## WHAT YOU NEED TO DO
All of the entries, apart from their pictures, are to be copied verbatim.

|---|

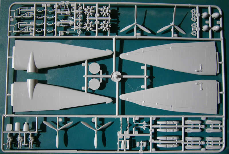 Die verschiedenen Luftschrauben wären zwar sinnvoll doch dürften die VS 111er für die Jumo 213-Triebwerke ruhig noch etwas breitblättriger sein. Auch fehlt dem Spornrad das Schutzblech. Beides kann zusammen mit den weit korrekteren ETCs aber problemlos aus dem Ju 88er Baukasten ersetzt werden. Eine Gravur oder besser noch ein Klarsichtteil für den Deckel der EZB-Peilantenne im Rumpfrücken fehlt jedoch völlig! Eine "Kuto-Nase" wird allerdings mitgeliefert. Die Streben der Kabinenverglasung besitzen wie stets nur recht wenig hervortretende Kanten. Die Bauanleitung erreicht leider nicht einmal DIN A4 Format. Auch wurde hier alles in gerade mal nur vier Bauschritte gezwängt, was Schade ist. Wie gut das es neuerdings ein, geändertes, größere Layout gibt das etwas übersichtlicher zum Ziel führen sollte. Die Vergratung hält sich wie bei Italeri eigentlich immer in Grenzen, jedoch gibt es oberhalb von Passstiften öfters ein paar Sinkstellen. Auswerfermarken sind in Gestalt von ganz feinen Zapfen ebenfalls vorhanden, können aber alle völlig rückstandslos entfernt werden.
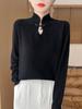 Nuevo Estilo Chino Estilo Nacional Cuello Vertical Hebilla Manga Larga Suéter Base de Punto para Mujer 2024 Nuevo Suéter Interior Adelgazante Ajustado
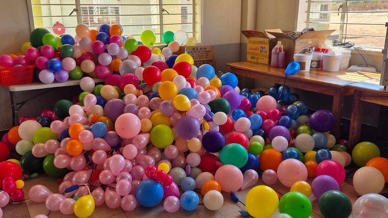 3. 공소 미사와 세례식과 같은 현지 분들과 함께하는 행사가 있는 날엔 평소보다 일찍 일어납니다. 행사에 참여하는 분들께 나누어 드릴 도시락과 풍선을 준비해야 하기 때문입니다. 동이 트기 전부터 풍선을 불고 묶기를 무한 반복합니다. 잠이 덜 꺤 채로 뇌를 비우고 손을 움직이다 보면 멋진 일출을 맞이할 수 있습니다.
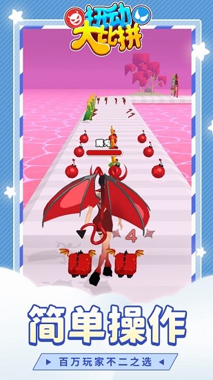 扭动大比拼采用精美的3d游戏画质加上趣味十足的跑酷元素带来不一样的游戏体验,丰富的关卡以及不同的游戏场景还有各种道具以及华丽的特效等等,随时随地都可以轻松加入适合打发无聊的时间。喜欢的玩家赶紧来下载加入吧!
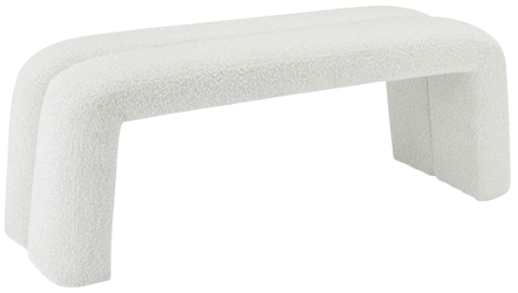 Add impromptu seating in the bedroom, foyer, or beyond with his lovely cream boucle fabric bench. This handsome bench has unexpected curves and lines that make it a true work of art in any setting. The soft boucle fabric combined with deep channel tufting make it comfortable for sitting.Read More
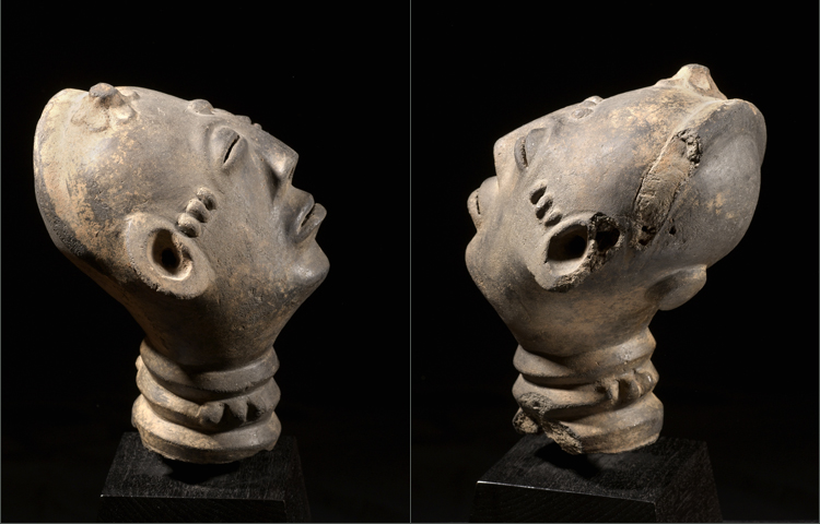 As it gazes up to the heavens this Akan terracotta head is not only superb aesthetically; it was created by a well known hand. These heads were usually found on large figures or vessels made in a funerary context. The features are rendered naturally and blend to create a haunting appearance. The classic dot scarification is found on the head and ringed neck. There are some slight losses but this is to be expected from an object of this vintage and medium. An example by this hand can be found in the publication “Ancient treasures in Terracotta of Mali and Ghana “figure 43.
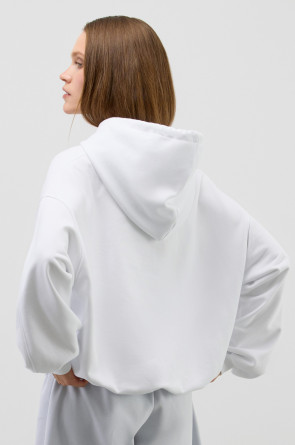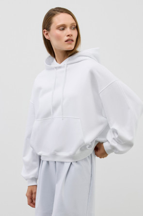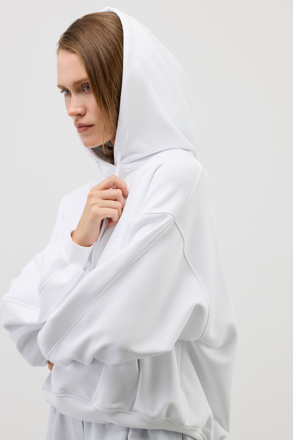 Худи из мягкого хлопкового футера для расслабленных образов. Для еще большего комфорта изделие дополняют спущенная линия плеч, объёмный капюшон и в вместительный накладной карман.
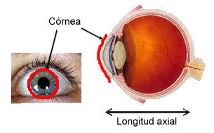 Esta figura muestra la situación de la córnea en el ojo y la definición de longitud axial
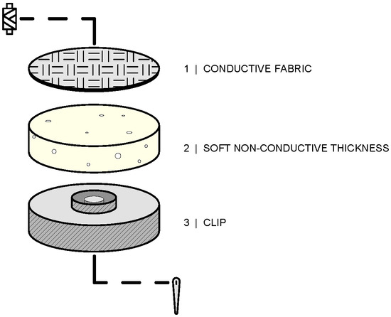 The textile electrode consists of three elements: a textile fabric placed on a non-conductive pad and then sewn to a metal clip.
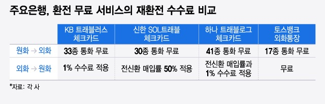 23일 금융권에 따르면 KB국민은행이 전날 출시한 'KB국민 트래블러스 체크카드'는 원화로 외화를 살 때 추가 환율 우대율 100%가 적용된다. 올해 말까지는 재환전(환급) 시에도 전신환 매입률(송금받을 때)을 적용하지 않는다. 대신 재환전 수수료 1%를 부과한다.
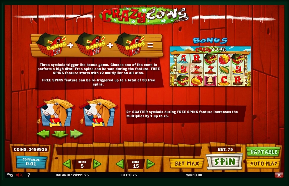 Crazy Cows Slot is a bright slot machine with a cheerful subject. Fans of the Fruit farm online gaming machine definitely will like also this slot close on the subject and the amusing atmosphere of the game process. Cows who live in the cowshed on one of the farms act as its main characters.
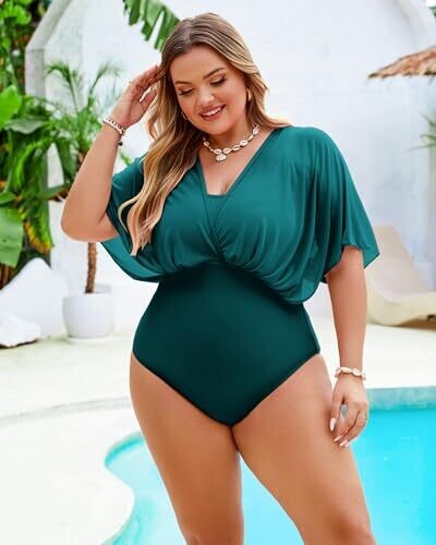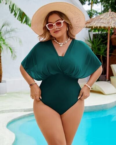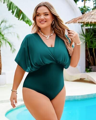 • Jolefille Plus-Size Swimsuit for Women Tummy Control Mesh-Sleeves (X-Large)
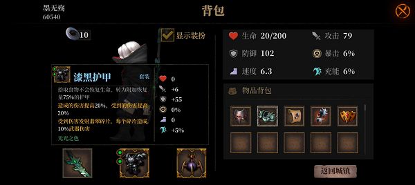 漆黑护甲+充能披风:高护甲值保证挨打不掉血又刷新副武器
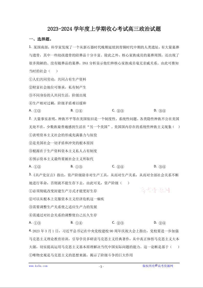 山东省淄博市第五中学2024届高三上学期开学政治(原卷版)
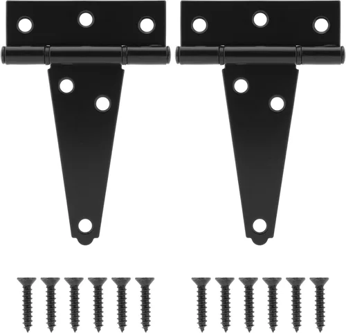 HILLMASTER Bisagra de correa de puerta duradera resistente que añade estabilidad y facilidad de funcionamiento. El paquete incluye: 2 bisagras con correa en T de 4 pulgadas 16 tornillos de 1 pulgada Característica: ➤ Diseño de agujero avellanado, superficie plana después de las instalaciones. ➤ Dura mucho tiempo sin mostrar desgaste ni óxido. ➤ Pin ajustado para aplicaciones con mano izquierda o derecha. ➤ Fácil de instalar para varios proyectos de bricolaje. ➤Experiencia silenciosa y suave. Especificaciones: Color: negro Material: Hierro de acero Grosor: 0.079 in Tamaño total: 4"x3-1/8"x1-1/4" Diámetro del agujero: 0.727" Capacidad de carga: 45 lbs Ángulo de rotación: 0-270 Estos herrajes para puertas están diseñados para mayor resistencia y longevidad y mejorarán tu diseño de seguridad de puerta o valla de madera.
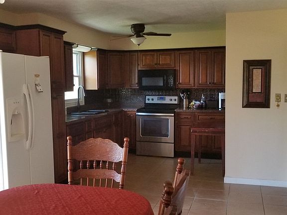 3 to 4 bedroom brick ranch with huge remodeled kitchen and dining combo with tile flooring--additional room could be 4th bedroom or den--tile in bathrooms . Central heat and air
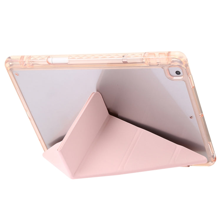 Funda de Tableta Cuero con Deformación Acrílica Transparente para iPad 10.2 2019/2020/2021 Pro 10.5 2017 Air 10.5 2019 (Rosa)
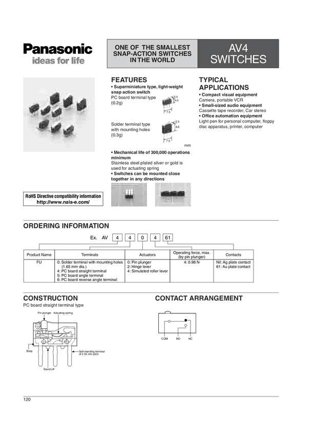 AV4544J Mikroprzełącznik AV4544J 30 V/DC 0.5 A 1 x wł/(wł) Panasonic IP40 c...
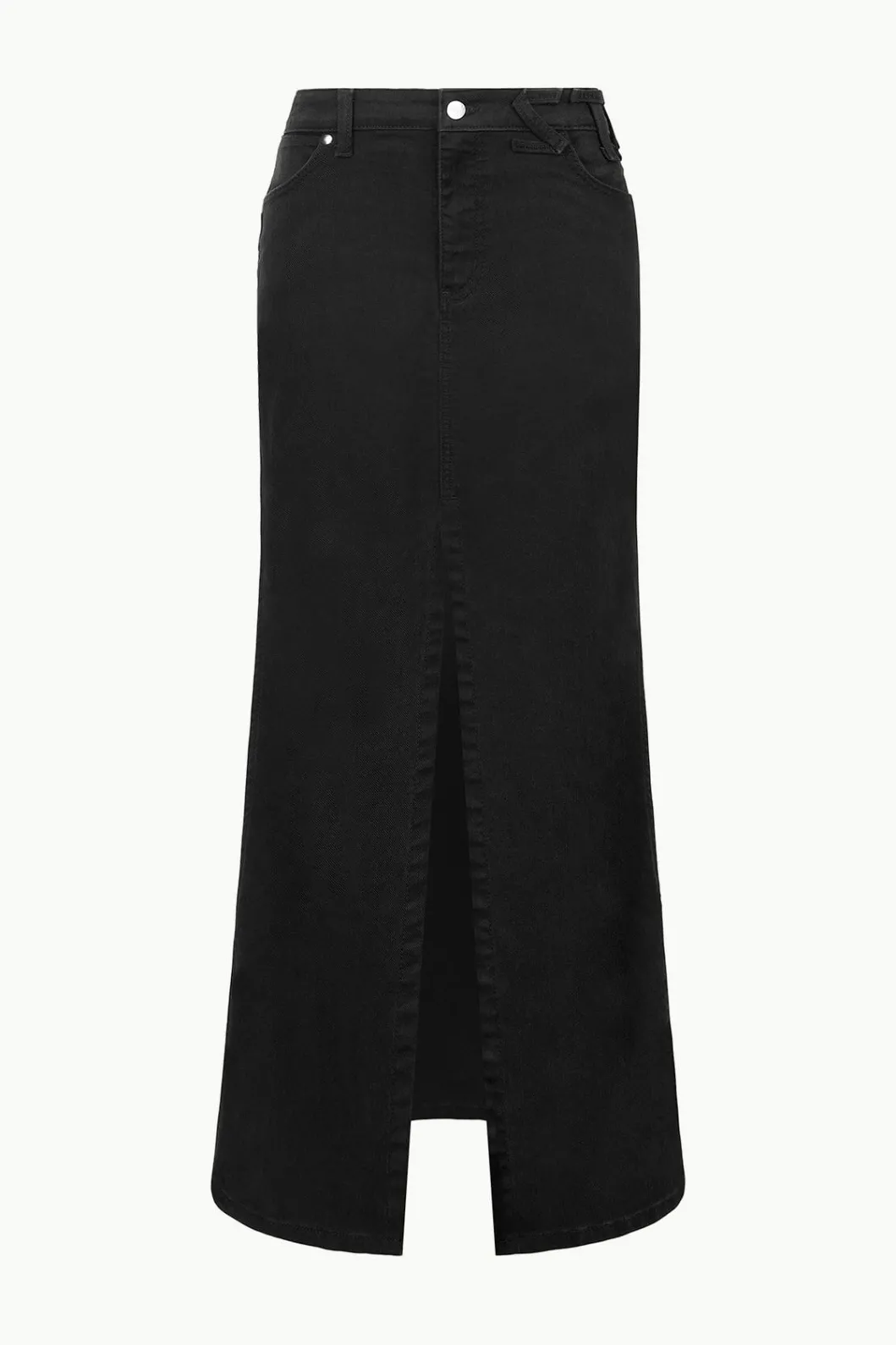 The Maxi Skirt is the full length update to our Pencil Skirt. The mid-rise sits just below the natural waist and has a button and zip fly closure. This style features our STAUD belt loop detail at the waist and a front slit.

|---|

## SOLUTION TO THIS EXERCISE
 Die verschiedenen Luftschrauben wären zwar sinnvoll doch dürften die VS 111er für die Jumo 213-Triebwerke ruhig noch etwas breitblättriger sein. Auch fehlt dem Spornrad das Schutzblech. Beides kann zusammen mit den weit korrekteren ETCs aber problemlos aus dem Ju 88er Baukasten ersetzt werden. Eine Gravur oder besser noch ein Klarsichtteil für den Deckel der EZB-Peilantenne im Rumpfrücken fehlt jedoch völlig! Eine "Kuto-Nase" wird allerdings mitgeliefert. Die Streben der Kabinenverglasung besitzen wie stets nur recht wenig hervortretende Kanten. Die Bauanleitung erreicht leider nicht einmal DIN A4 Format. Auch wurde hier alles in gerade mal nur vier Bauschritte gezwängt, was Schade ist. Wie gut das es neuerdings ein, geändertes, größere Layout gibt das etwas übersichtlicher zum Ziel führen sollte. Die Vergratung hält sich wie bei Italeri eigentlich immer in Grenzen, jedoch gibt es oberhalb von Passstiften öfters ein paar Sinkstellen. Auswerfermarken sind in Gestalt von ganz feinen Zapfen ebenfalls vorhanden, können aber alle völlig rückstandslos entfernt werden.
 Nuevo Estilo Chino Estilo Nacional Cuello Vertical Hebilla Manga Larga Suéter Base de Punto para Mujer 2024 Nuevo Suéter Interior Adelgazante Ajustado
 3. 공소 미사와 세례식과 같은 현지 분들과 함께하는 행사가 있는 날엔 평소보다 일찍 일어납니다. 행사에 참여하는 분들께 나누어 드릴 도시락과 풍선을 준비해야 하기 때문입니다. 동이 트기 전부터 풍선을 불고 묶기를 무한 반복합니다. 잠이 덜 꺤 채로 뇌를 비우고 손을 움직이다 보면 멋진 일출을 맞이할 수 있습니다.
 扭动大比拼采用精美的3d游戏画质加上趣味十足的跑酷元素带来不一样的游戏体验,丰富的关卡以及不同的游戏场景还有各种道具以及华丽的特效等等,随时随地都可以轻松加入适合打发无聊的时间。喜欢的玩家赶紧来下载加入吧!
 Add impromptu seating in the bedroom, foyer, or beyond with his lovely cream boucle fabric bench. This handsome bench has unexpected curves and lines that make it a true work of art in any setting. The soft boucle fabric combined with deep channel tufting make it comfortable for sitting.Read More
 As it gazes up to the heavens this Akan terracotta head is not only superb aesthetically; it was created by a well known hand. These heads were usually found on large figures or vessels made in a funerary context. The features are rendered naturally and blend to create a haunting appearance. The classic dot scarification is found on the head and ringed neck. There are some slight losses but this is to be expected from an object of this vintage and medium. An example by this hand can be found in the publication “Ancient treasures in Terracotta of Mali and Ghana “figure 43.
 Худи из мягкого хлопкового футера для расслабленных образов. Для еще большего комфорта изделие дополняют спущенная линия плеч, объёмный капюшон и в вместительный накладной карман.
 Esta figura muestra la situación de la córnea en el ojo y la definición de longitud axial
 The textile electrode consists of three elements: a textile fabric placed on a non-conductive pad and then sewn to a metal clip.
 23일 금융권에 따르면 KB국민은행이 전날 출시한 'KB국민 트래블러스 체크카드'는 원화로 외화를 살 때 추가 환율 우대율 100%가 적용된다. 올해 말까지는 재환전(환급) 시에도 전신환 매입률(송금받을 때)을 적용하지 않는다. 대신 재환전 수수료 1%를 부과한다.
 Crazy Cows Slot is a bright slot machine with a cheerful subject. Fans of the Fruit farm online gaming machine definitely will like also this slot close on the subject and the amusing atmosphere of the game process. Cows who live in the cowshed on one of the farms act as its main characters.
 • Jolefille Plus-Size Swimsuit for Women Tummy Control Mesh-Sleeves (X-Large)
 漆黑护甲+充能披风:高护甲值保证挨打不掉血又刷新副武器
 山东省淄博市第五中学2024届高三上学期开学政治(原卷版)
 HILLMASTER Bisagra de correa de puerta duradera resistente que añade estabilidad y facilidad de funcionamiento. El paquete incluye: 2 bisagras con correa en T de 4 pulgadas 16 tornillos de 1 pulgada Característica: ➤ Diseño de agujero avellanado, superficie plana después de las instalaciones. ➤ Dura mucho tiempo sin mostrar desgaste ni óxido. ➤ Pin ajustado para aplicaciones con mano izquierda o derecha. ➤ Fácil de instalar para varios proyectos de bricolaje. ➤Experiencia silenciosa y suave. Especificaciones: Color: negro Material: Hierro de acero Grosor: 0.079 in Tamaño total: 4"x3-1/8"x1-1/4" Diámetro del agujero: 0.727" Capacidad de carga: 45 lbs Ángulo de rotación: 0-270 Estos herrajes para puertas están diseñados para mayor resistencia y longevidad y mejorarán tu diseño de seguridad de puerta o valla de madera.
 3 to 4 bedroom brick ranch with huge remodeled kitchen and dining combo with tile flooring--additional room could be 4th bedroom or den--tile in bathrooms . Central heat and air
 Funda de Tableta Cuero con Deformación Acrílica Transparente para iPad 10.2 2019/2020/2021 Pro 10.5 2017 Air 10.5 2019 (Rosa)
 AV4544J Mikroprzełącznik AV4544J 30 V/DC 0.5 A 1 x wł/(wł) Panasonic IP40 c...
 The Maxi Skirt is the full length update to our Pencil Skirt. The mid-rise sits just below the natural waist and has a button and zip fly closure. This style features our STAUD belt loop detail at the waist and a front slit.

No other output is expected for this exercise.